Donald Trump’s campaign team has threatened to sue the producers of the film The Apprentice over director Ali Abassi’s portrayal of the former US president’s beginnings as a real estate magnate in the 1970s. “It is garbage, pure fiction made of sensational falsehoods debunked a long time ago,” they stressed in a statement about a story that shows Trump’s abusive behavior in both his professional and personal life and that does not skimp on controversial scenes.
Especially the one that shows how his first wife Ivana gives him a book about the female G-spot and, after telling her that he no longer finds her attractive, he throws her on the ground and rapes her while yelling at her: “Is this your G-spot?” ?”, “I’ve found it?”. Ivana, played by actress Maria Bakalova, contributed to her husband’s empire and she died in 2022 of heart failure.
It was clear that a film about Trump that aspires to the Palme d’Or was not going to go unnoticed in the middle of an election year and again with the Republican as a candidate for the White House. “You should see it before you start reporting us. I am willing to meet with him, show it to him and talk about it. “I think it would surprise you,” said the Danish-nationalized Iranian director at a press conference today, who was already in competition at the Cannes festival two years ago with Holy Spider, a thriller in which he followed a serial killer of prostitutes in Iran. .

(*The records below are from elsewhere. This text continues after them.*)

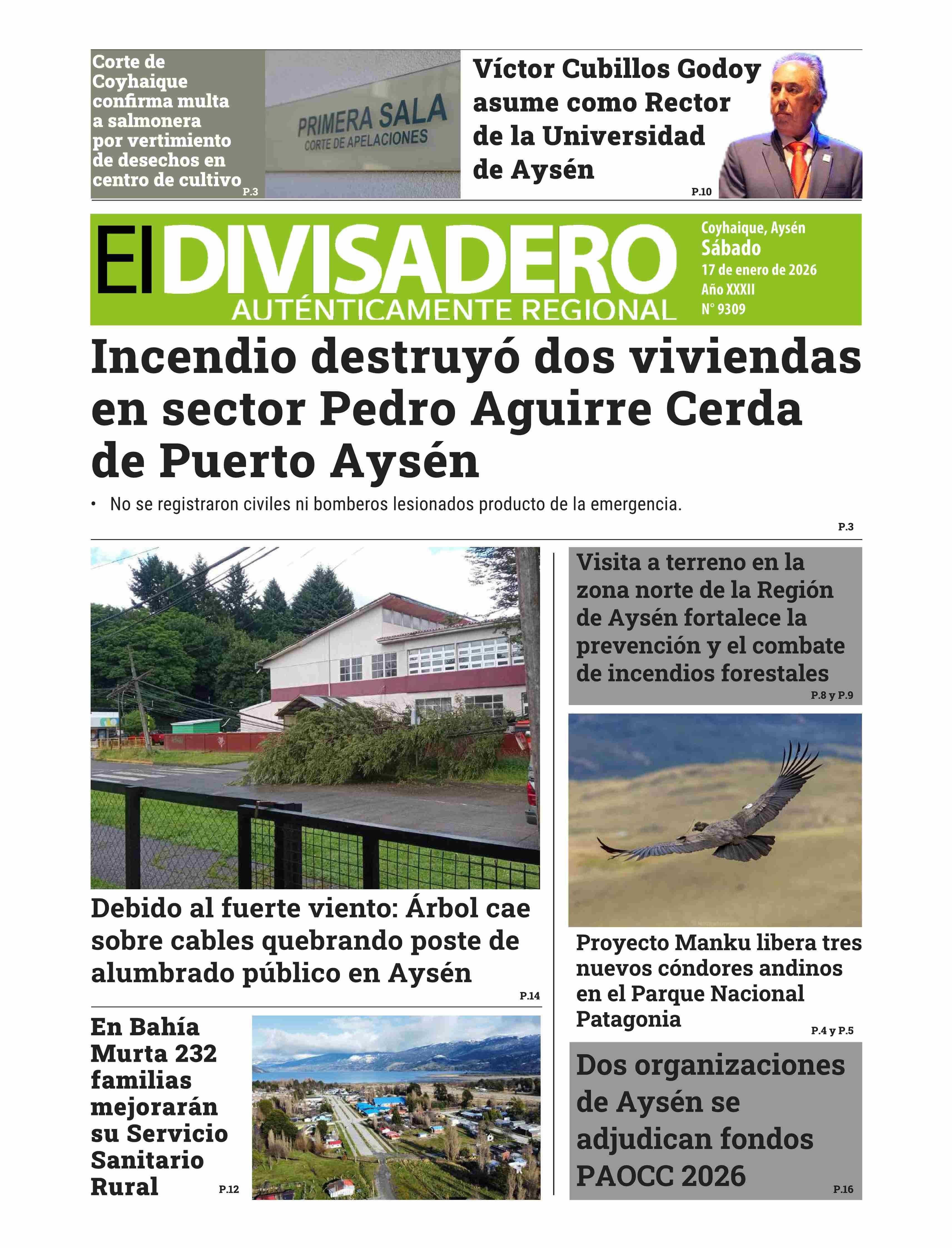 | Fecha: | 17-01-2026 | Sector: | Portada | Región: | Región Aysén del General Carlos Ibáñez del Campo |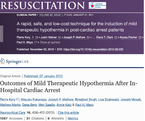 However, what I am most proud of from that time was helping pioneer two different, then novel fields of my specialty - the first was on the study and application of therapeutic hypothermia in post-cardiac arrest patients, and the other was in creating and teaching a novel diagnostic approach to critical illness using “point-of-care ultrasonography.” Today, I will share with you my introduction to and experiences with the therapy that was then called “Mild Therapeutic Hypothermia” (now it is called “Targeted Temperature Management”).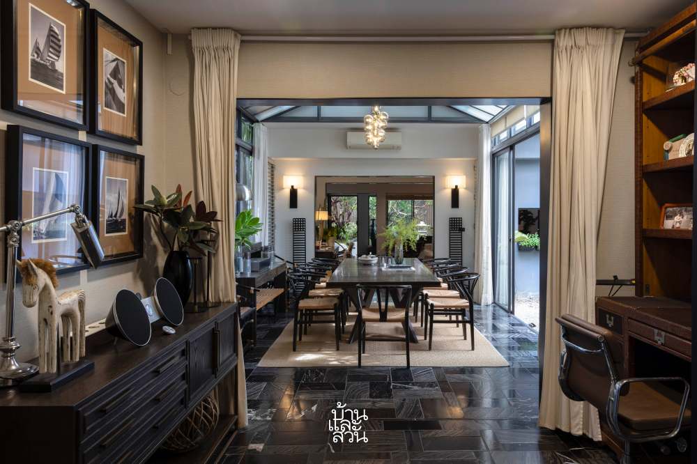 Phòng ăn trung tâm đóng vai trò là trục kết nối giữa hai căn nhà, với sàn đá marble tối màu giúp giảm độ chói ánh sáng. Cách bố trí mở cho phép không gian này vừa là nơi ăn uống, vừa là điểm sinh hoạt chung của gia đình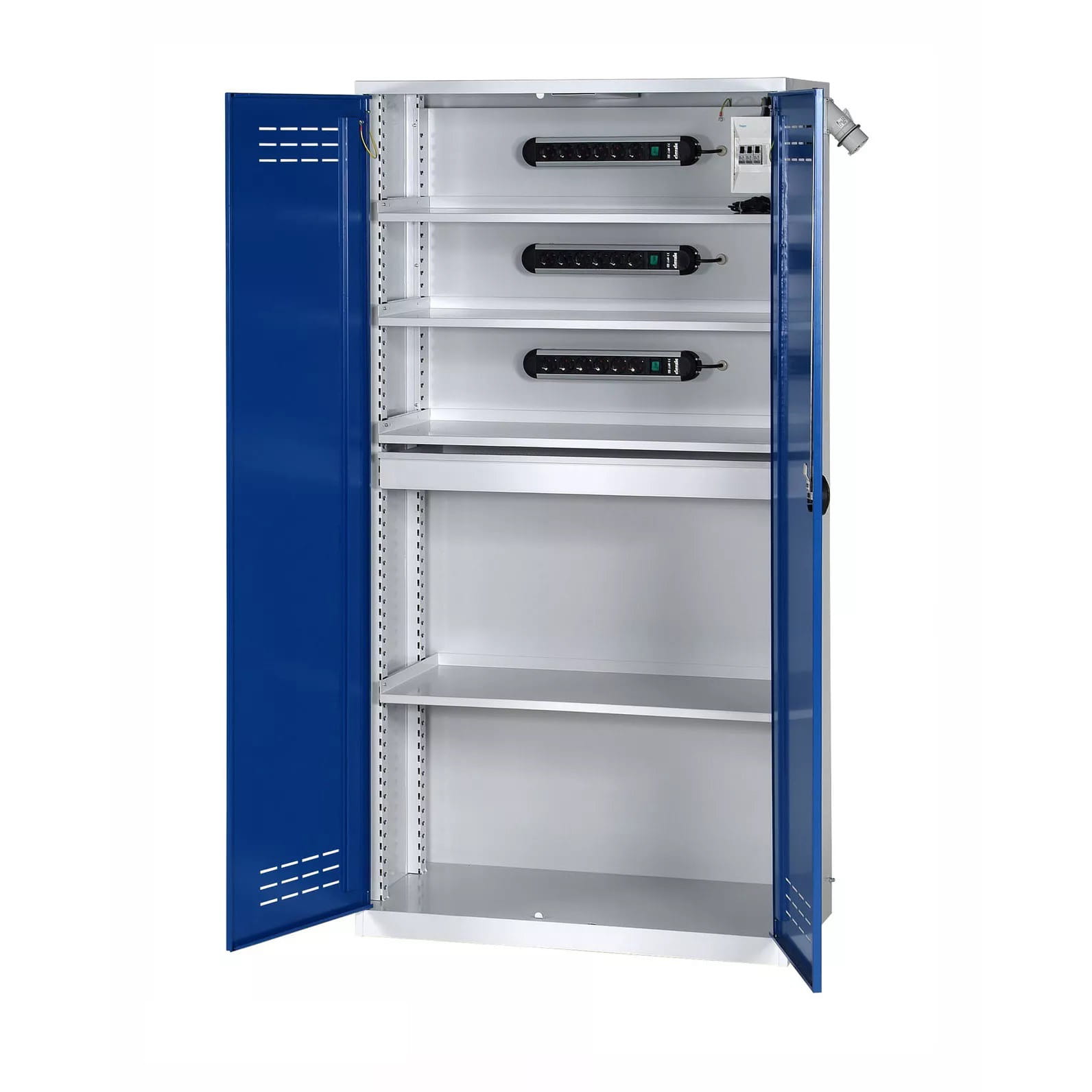 - Każda półka posiada listwę na 6 ładowarek 230V z wyłącznikiem
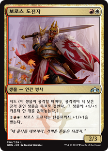 | Rules | Mentor (Whenever this creature attacks, put a +1/+1 counter on target attacking creature with lesser power.) : Boros Challenger gets +1/+1 until end of turn. |
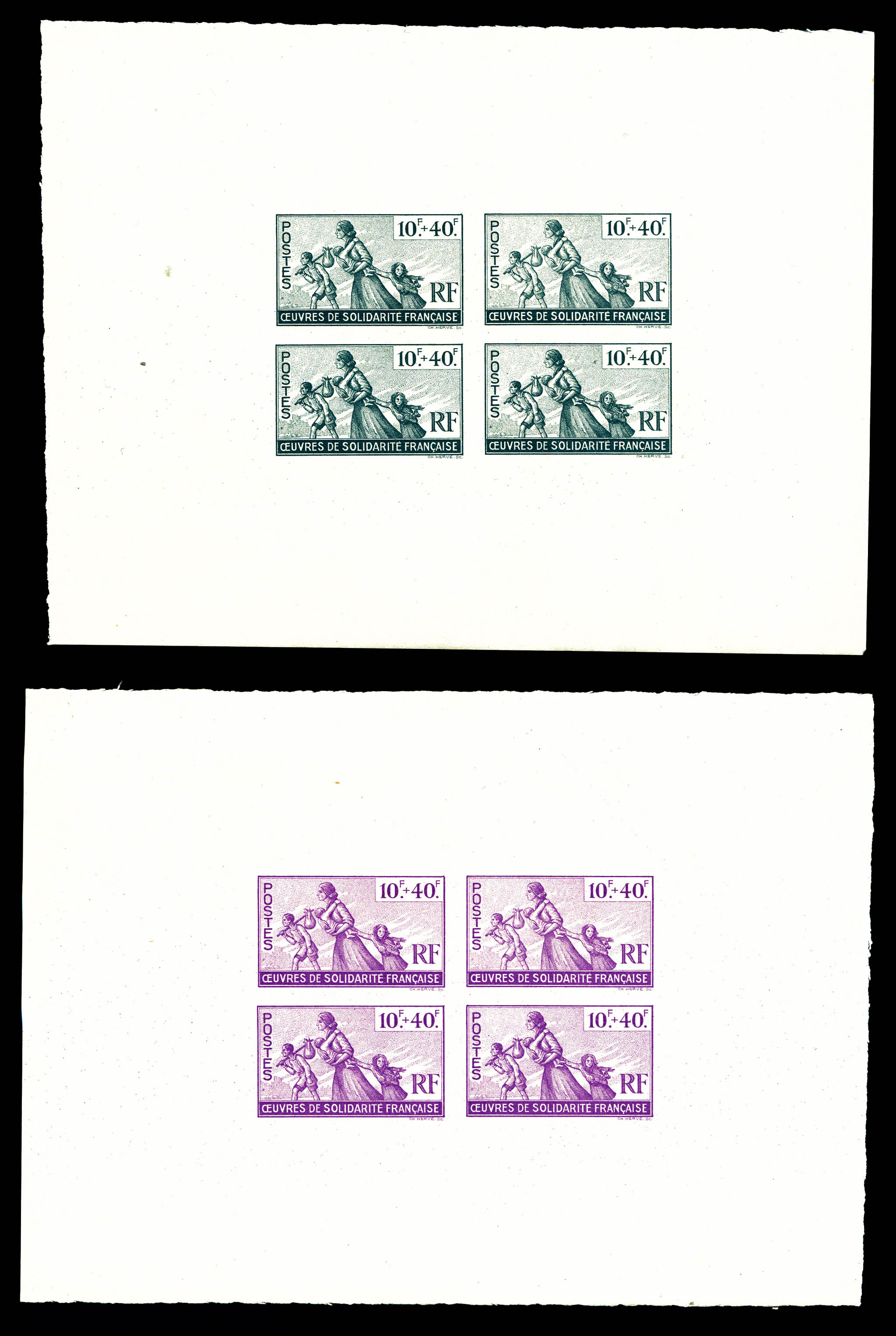2682 nh imageFRANCE LIBRE N°7, Oeuvres de Solidarité Francaise, bloc de quatre sur feuillet gommé: 4 exemplaires avec couleurs différentes. SUP. R. (certificat) Qualité: ** (Image)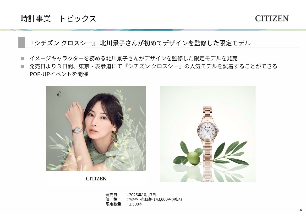 次に、レディスウォッチブランド「シチズン クロスシー」についてです。2012年にイメージキャラクターに就任し、長年「クロスシー」を愛用いただいている北川景子さんならではの視点で、初めてデザイン監修を行った特別な限定モデルを販売しました。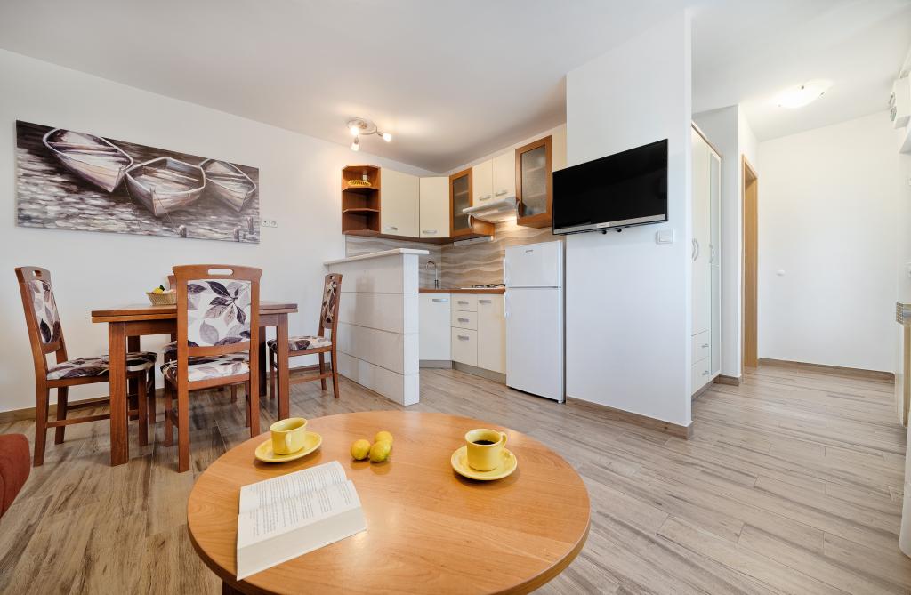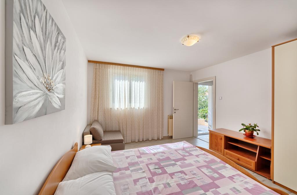 Appartementen Bareta bevinden zich op het eiland Ciovo, gemeente Trogir. Ze bevinden zich op een geweldige locatie voor degenen die willen genieten van de zon en de zee, evenals voor degenen die kennis willen maken met de historische en natuurlijke schoonheden van Midden-Dalmatië. De oude binnenstad van Trogir, die op de werelderfgoedlijst van UNESCO staat, bevindt zich op slechts 1000 meter afstand, terwijl Split (paleis van Diocletianus, veerboten voor eilanden), Omiš, Cetina (raften, canyoning, klimmen), de watervallen van Krka en Sibenik op minder dan 50 km afstand liggen. De luchthaven van Split ligt op slechts 5 km afstand. De appartementen bevinden zich op de begane grond van een familiehuis, omgeven door tuin en groen. Elk appartement heeft een eigen ingang en een groot terras met eettafel, parkeerplaats en barbecue en buitendouche zijn mogelijk. De appartementen bestaan uit een woonkamer verbonden met de keuken, een slaapkamer (bed 2 1, 2 2), mogelijk twee volwassenen met twee kinderen, een badkamer met toilet. De appartementen zijn volledig uitgerust met alles wat u nodig heeft voor een comfortabel verblijf / serviesgoed, beddengoed, enz.) Tr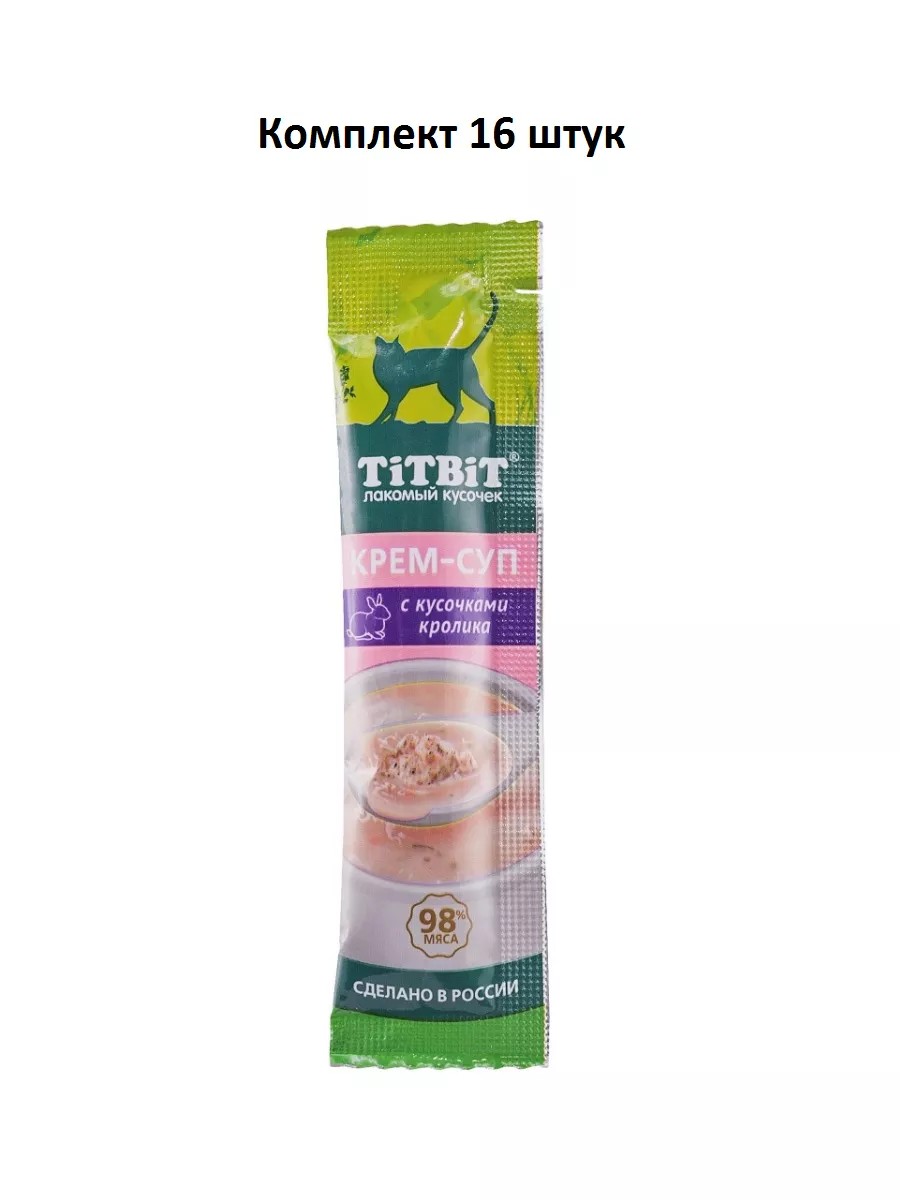 TiTBiT Лакомство крем-суп для кошек с кусочками кролика, 10 г, 16 шт. Крем-суп для кошек TITBIT – это специально разработанные вкусные и полезные продукты, которые: 1. Содержат кусочки свежего мяса; 2. Содержат 98% мясных ингредиентов; 3. Содержат дополнительные полезные ингредиенты (таурин для поддержки зрения, сердца, пищеварительной, половой и иммунной систем; морковь для поддержки зрения и пищеварения; петрушка для поддержки мочеполовой, сердечно-сосудистой и пищеварительной систем).
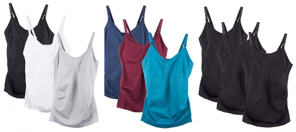Caramel Cantina 3 Pack Women’s Nursing Cami Built in Bra is a great 2-in-1 soft tank top and nursing bra. You can wear it by itself or under another loose top. It comes in many sizes and colors, thus matching everything. You will want to buy at least a few packs of these because in the beginning, milk will leak and babies will spit up on you.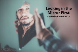 “Why do you look at the speck of sawdust in your brother’s eye and pay no attention to the plank in your own eye? How can you say to your brother, ‘Let me take the speck out of your eye,’ when all the time there is a plank in your own eye? You hypocrite, first take the plank out of your own eye, and then you will see clearly to remove the speck from your brother’s eye.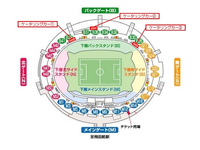Wenn bis zum Mittag des Tages vor dem Spiel basierend auf Wettervorhersagen und anderen Informationen ein „Regentag“ festgestellt wird, wird die Durchführung der Serviceleistungen auf der Homepage des Ajinomoto Stadiums sowie auf dieser Homepage bekannt gegeben.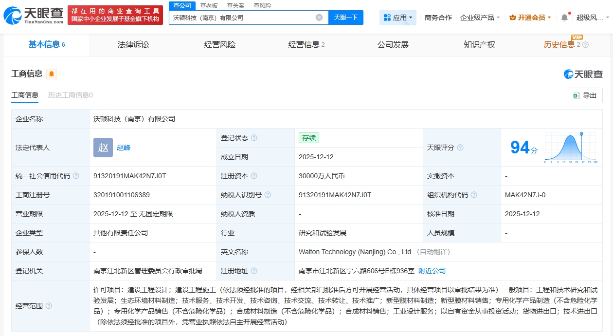 雷达财经讯,天眼查工商信息显示,近日,沃顿科技(南京)有限公司成立,法定代表人为赵峰,注册资本3亿人民币,经营范围包括建设工程设计、建设工程施工、工程和技术研究和试验发展、生态环境材料制造等。股东信息显示,该公司由沃顿科技(000920)全资持股。

Although the film addresses the figure of Trump, Abbasi does not believe that the film is actually about the politician, who is facing a criminal trial for irregular payments to a porn actress. ”It is a film about the system and the way in which the system works and has been built,” he claimed. Based on a script by writer and journalist Gabriel Sherman, the goal of the story is to capture what really happened, although some names have been altered to do so.
The Apprentice covers the formative years of a young Trump, played magnificently by Sebastian Stan, who wanted to revitalize the decadent New York of 1973. At 27 years old and with his characteristic hair, he works as a vice president in his father’s real estate company and has managed to be the youngest member to join Le Club, an exclusive restaurant and nightclub where all the powerful people of the city meet. There he will meet Roy Cohn (Jeremy Strong), a lawyer with a dubious reputation and influential friends who will help him get rid of the tax payments that are suffocating the family business and will become his mentor.
A shark that sees in Trump a guy with ambition, although somewhat shy and innocent at first, in whom he will place his trust and three golden rules that his disciple will end up executing in a short time without blinking “Attack, attack and attack; admit nothing, deny everything; And no matter what happens, claim victory and never admit defeat.” The film, received with mixed reviews for its television style and for not reaching Trump’s soul, is a highly entertaining exercise and offers a previously unknown vision of the magnate, who was not always a despot. Everything changed thanks to his meeting with Cohn and the excessive success that made him become the absolute owner of New York, crowned with his obsession with building Trump Tower.
It also reflects the tense relationships with his father and his older brother, rejected by his father for being an air pilot and ignored by Trump when he falls into depression. As with her friendship with Cohn, she was condemned to betrayal once on high. In some ways she looks like a kind of The Godfather in real estate version, with Donald as Michael Corleone and his brother as the fragile Freddo.
Both Stan and Strong are incredible in their respective roles, although the level of performance of the protagonist of the Succession series stands out greatly and points to an Oscar nomination. His face and look are very reminiscent of Al Pacino. At its gala screening last night, The Apprentice was greeted with an eight-minute ovation, led by the applause of an enthusiastic Cate Blanchett. “The storm is coming, it’s time to make political films again,” Abbasi noted.